Sustainability data governance
The more advanced you are as organization in generating data and making it available, the more difficult it can become to allocate data governance and data ownership. This goes for traditional operational and financial data, as well as new sustainability metrics. This lever pinpoints the need for clearly defining sustainability data governance and ownership. Your organization should have a clear understanding and agreement on the responsibilities for collecting, cleaning, storing, and analyzing sustainability data. This responsibility can be delegated within each department of your business, or you can form a dedicated unit that is connected to all other units and departments.
Either way, people in charge of sustainability data governance need to understand where, where, and how frequently that data is generated to help them develop clear guidelines on how to collect and process the data.

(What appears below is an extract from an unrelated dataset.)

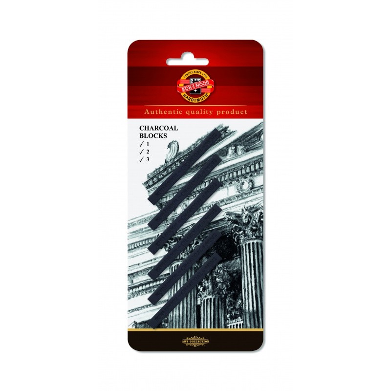 Węgiel prasowany w sztyfcie o wymiarach 7x7x70 mm. Pozwala uzyskać równą, gładką i intensywnie czarną linię. Powstaje przez uformowanie z wypalonej mieszanki węgla drzewnego i gliny. Zestaw zawiera 6 sztuk, po 2 sztuki z twardości: 1, 2, 3.Specyfikacja
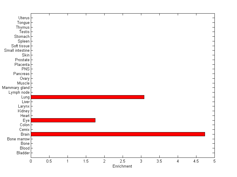 The expression level is normalized with tissue-library size. Each value for a gene in a tissue is a ratio of observed ESTs to the expected one in this tissue. The expected number of ESTs is the product of total ESTs of the gene and the fraction of total ESTs in the tissue among all ESTs in 30 tissues.

This lever plays a major role in supporting data quality and data comparability; it also strengthens the role of a holistic database as it ensures that the data is used for decision making in a correct and complete manner.
CASE STUDY: PepsiCo
The U.S. soft drink giant uses performance data across its global operations to understand progress against its sustainability agenda. It reports sustainability data externally to inform stakeholders, and shares it with sustainability ranking groups, investors, NGOs, customers, and consumers. Internally, the assessment is used to inform and update the sustainability strategy, as well as to prioritize investments. The data governance includes documenting the processes and methodologies they use to aggregate data consistently. A dedicated team within PepsiCo’s Sustainability Office manages the data governance structure underpinning each of our sustainability goals, ensuring the accuracy, consistency, and precision of the data, while driving accountability among the teams.

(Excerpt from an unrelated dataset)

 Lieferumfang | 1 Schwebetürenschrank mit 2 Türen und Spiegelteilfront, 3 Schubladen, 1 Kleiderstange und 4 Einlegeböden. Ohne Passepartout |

Internal information sharing
One challenge for successful sustainability transformation programs is to overcome internal silo-thinking. This lever aims to incentivize the sharing and usage of sustainability data internally, as this will help to establish a common and holistic direction – overcoming “not invented here” approaches and mentality.
Different functions and units will generate different data points – sharing this data internally can help to improve overall impact and understand the intricacies of sustainability. Furthermore, this lever encourages a cultural change: on the one hand, it stresses the importance to use the data; on the other hand, it incentivizes internal sharing of best practices to further boost innovation and sustainability impact.
When it comes to setting up internal communities, there are different options: either by holding regular sharing sessions between functions or units and geographical scopes (for example, procurement departments of different business units), by producing periodically written updates, or by using an exchange platform, where the relevant individuals can find all necessary data.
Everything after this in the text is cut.